Top Abstract Introduction Insulin and its effect... The hyperinsulinemic euglycemic... Methods based on the... HOMA (12) QUICKI Additional consideration:... The hyperinsulinemic euglycemic... Additional consideration:... Discussion References

 
IT IS THE contention of this short review that most methods for measuring insulin sensitivity yield values that are correlated not just because they are addressing the same question, but also because they are based on metabolic models that share certain structural features. The review was prompted by the recent article by Katz et al. (1), entitled "Quantitative Insulin-sensitivity Check Index (QUICKI): a simple and accurate method for assessing insulin sensitivity in humans." which exemplifies one approach to the assessment of insulin sensitivity. It is based on the steady-state (or quasi-steady-state) glucose and insulin concentrations that are achieved after an overnight fast. It defines insulin sensitivity as proportional to the inverse of the log of the product of fasting insulin and glucose concentrations. It demonstrates good correlation with the "gold standard" method, or the hyperinsulinemic euglycemic clamp. In this regard, it seems to compare favorably with the minimal model approach. It is, therefore, added to the list of approaches that are used to gain some insight on sensitivity and resistance to insulin. With the ever-increasing armamentarium of methods for the measurement of insulin sensitivity/resistance, the choice may seem bewildering. It does not have to be. It depends much more on the problem in hand, its goals, and the experimental limitations. These issues and an understanding of what is being determined using the different methodologies are the most important criteria in the decision process. It may be useful, therefore, in the context of this review to try to step back and, at least semiquantitatively, explore the evolution and conceptual underpinnings of some of the different methods.

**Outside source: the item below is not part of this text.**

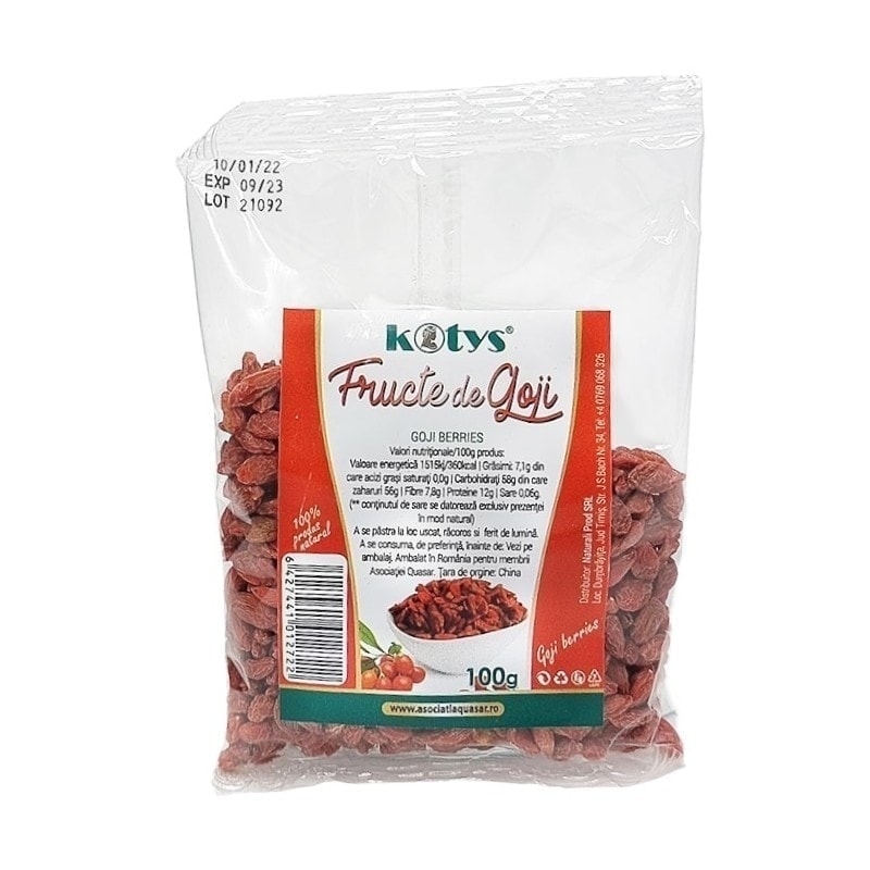 Fructele de goji cresc pe un arbust peren din familia Solanaceae (catina de garduri) ce se gaseste in regiunile temperate si subtropicale ale Chinei si Mongoliei, in Himalaya si Tibet. Sunt fructe de padure foarte bogate in antioxidanti, in special carotenoide (beta-caroten, zeaxantina), cu gust usor picant, dulce-acrisor, comercializate de obicei sub forma uscata si folosite traditional in China, Tibet si India de 6000 de ani pentru protejarea ficatului, imbunatatirea vederii, stimularea functiei sexuale si a fertilitatii, pentru intarirea picioarelor, imbunatatirea functionarii sistemului imunitar, promovarea circulatiei sanguine si cresterea longevitatii.

Glucose tolerance is an expression of the efficiency with which homeostatic mechanisms restore glycemia to basal levels after a perturbation. Clinically, the most common assessment is following an oral glucose load, a surrogate for a more physiological meal. The homeostatic response includes an increase in the insulin levels and, therefore, also the insulin-dependent processes that lower glycemia. Theoretically, the oral glucose tolerance test should yield an estimate of insulin sensitivity, if insulin concentrations are measured. Indeed, a number of formulae have been developed both in the past (e.g. Ref. 2) as well as more recently (e.g. Refs. 3, 4, 5). After oral glucose or meals, the increments in insulin do not depend entirely on glucose, but also on such factors as gut hormones and neural stimulation, the insulin response deviates from the purely glucose-dependent pattern. Glucose concentrations also change in a manner that is partly dependent on insulin, but also partly on gastric emptying and absorption. In general, therefore, attempts have been made to isolate the glucose-insulin relationship, as much as possible, from other factors.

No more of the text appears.